Flipping cards, counting groups
I own a set of Carnegie Mellon University playing cards despite never having been to Pittsburgh. My friend gifted them to me when he moved to Amsterdam. These cards are special for that reason, but also because the face of each card is not symmetrical, unlike normal playing cards. Here’s what the ace of spades looks like:
I was looking through the cards this morning and it bothered me that, due to their asymmetry, they weren’t all facing the same direction. In my classic autistic fashion, I arranged them so that they were. While doing so, I noticed that there were times when multiple cards were flipped in a row, and so I could grab those $N$ cards and flip them together. This led me to think of a simple problem with no immediately clear solution: Let’s say you have a set of cards like this, some are facing the wrong way – they’re rotated uniformly at random – and sometimes they are in a row and you can rotate them all at once, which counts as a single rotation. On average, how many rotations would you expect to have to do?

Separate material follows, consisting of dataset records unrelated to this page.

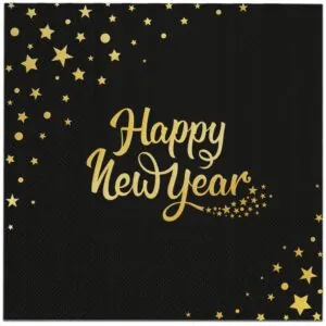 Serwetki czarno złote dekoracje na NOWY ROK Happy New year 33 cm x 33 cm
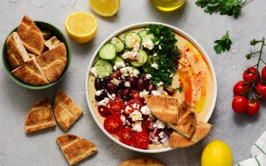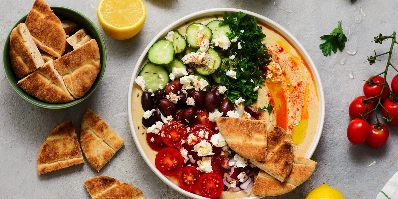 Виклади в глибоку тарілку хумус, збризни оливковою олією та присип паприкою. Додай овочі, зелень, оливки й посип крихтами фети. Подавай із пітою чи лавашем.
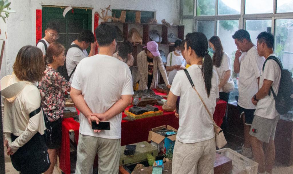 首先,“梦圆”服务队来到艺朽阁参观草编工艺。草编,民间广泛流行的一种手工艺品。是利用各地所产的草,就地取材,编成各种生活用品。然后服务队继续参观传承千年的沂蒙古韵——沂水砚。沂水如今的砚台雕刻手法刀法精巧。图像秀丽,独树一帜。经过数百年传承提炼的沂水砚台制作技艺,体现鲜明的沂蒙地域艺术特色,展现着石材的自然之美、匠人的记忆之美和沂蒙的文化之美。
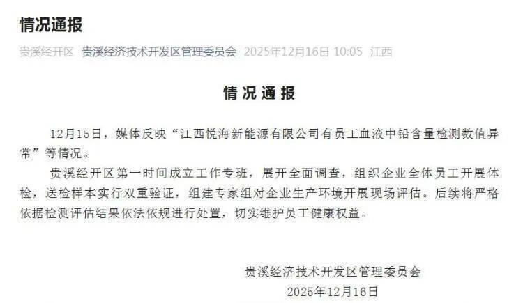 16日,據(jù)貴溪經(jīng)開區(qū)管理委員會通報:貴溪經(jīng)開區(qū)第一時間成立工作專班,展開全面調(diào)查,組織企業(yè)全體員工開展體檢,送檢樣本實行雙重驗證,組建專家組對企業(yè)生產(chǎn)環(huán)境開展現(xiàn)場評估。后續(xù)將嚴(yán)格依據(jù)檢測評估結(jié)果依法依規(guī)進(jìn)行處置,切實維護(hù)員工健康權(quán)益。
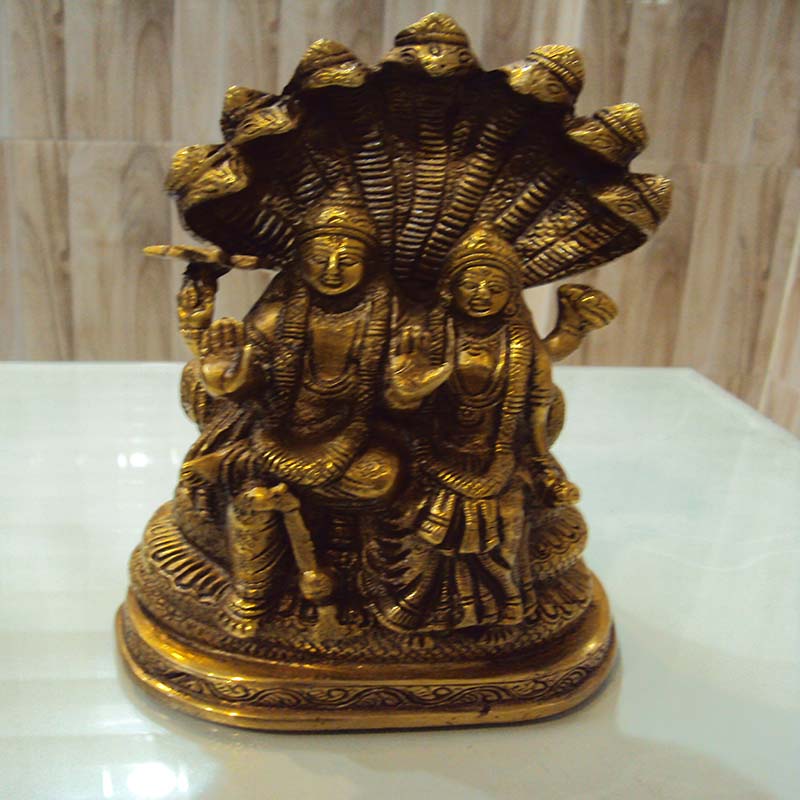 Vishnu Laxmi seated on Sheshnag-Brass Idol

My first intuition is to think about this sort of problem like a binary string: let’s label a card as 1 if it’s facing the correct way, and 0 if it’s not. The first card determines the “correct” rotation. Here’s how I’m picturing it:
\[10100111010111111000..\]That string would be 52 digits long. The first digit would always be 1, so we only care about the following 51 digits.
Starting with a simple question is usually helpful. How many cards would we expect to have an incorrect rotation at all, i.e., how many $0$’s do we expect? The answer to that is simple and intuitive: given that they are rotated uniformly at random, we would expect half of them to be facing the wrong way, which means that we’d expect to see $E[Z] = \frac{51}{2} = 25.5$ 0’s, and if we were only allowed to rotate the cards individually, we’d expect to have to do that many rotations.
But this blog post is more interesting, because we’re allowed to rotate them together whenever they do happen to be in a row, so the question we want to ask now is: how many groups (a group being defined as one or more 0’s in a row) do we expect? Another question that may follow is: what is the average size of a group? Well, the probability of seeing a $0$ after we’ve just seen one is $\frac{1}{2}$, the probability of seeing 3 would be $\frac{1}{4}$, and so on. We quickly realize that the average size of a group is $E[S] = \sum_{n = 1}^{51} \frac{1}{2^n} n \approx 2$.
So if the average size of a group is 2, and we expect $25.5$ of the cards to be rotated incorrectly, maybe we would expect to have $\frac{25.5}{2} = 12.75$ groups, and do that many rotations. I then asked GPT to write a Monte Carlo simulation:
import random
trials = 100000
total_groups = 0
for _ in range(trials):
s = ''.join(random.choice('01') for _ in range(51))
groups = sum(1 for i in range(51) if s[i] == '0' and (i == 0 or s[i-1] != '0'))
total_groups += groups
print(total_groups / trials)
This gives us 13, the real average number of groups. It’s pretty close, but not quite the 12.75 we got from our naive calculation. The problem lies in the fact that the number of groups and the average group length are negatively correlated. This makes sense: the more groups you have, the shorter they are likely to be, and vice versa. Simply dividing these two expected values assumes independence and ignores this negative covariance.
To get to the actual answer, we can leverage indicator variables and Linearity of Expectations. Let us define an indicator variable $I_i$ that is $1$ if position $i$ in our string $X$ starts a 0-group, and is $0$ otherwise. A 0-group starts at $i$ when $X_i = 0$ and $X_{i-1} = 1$ (this is always true for $i = 1$). So we have $E[I_1] = P(X_1 = 0) = \frac{1}{2}$ for the first group, and $E[I_i] = P(X_i = 0, X_{i-1} = 1) = \frac{1}{2} \cdot \frac{1}{2} = \frac{1}{4}$ for the $i > 1$ groups. That means $E[G] = \frac{1}{2} + 50 \cdot \frac{1}{4} = 0.5 + 12.5 = 13$ – exactly the result of our Monte Carlo simulation.
When describing the problem this morning, my friend encouraged me to write about it. So this post is dedicated to her.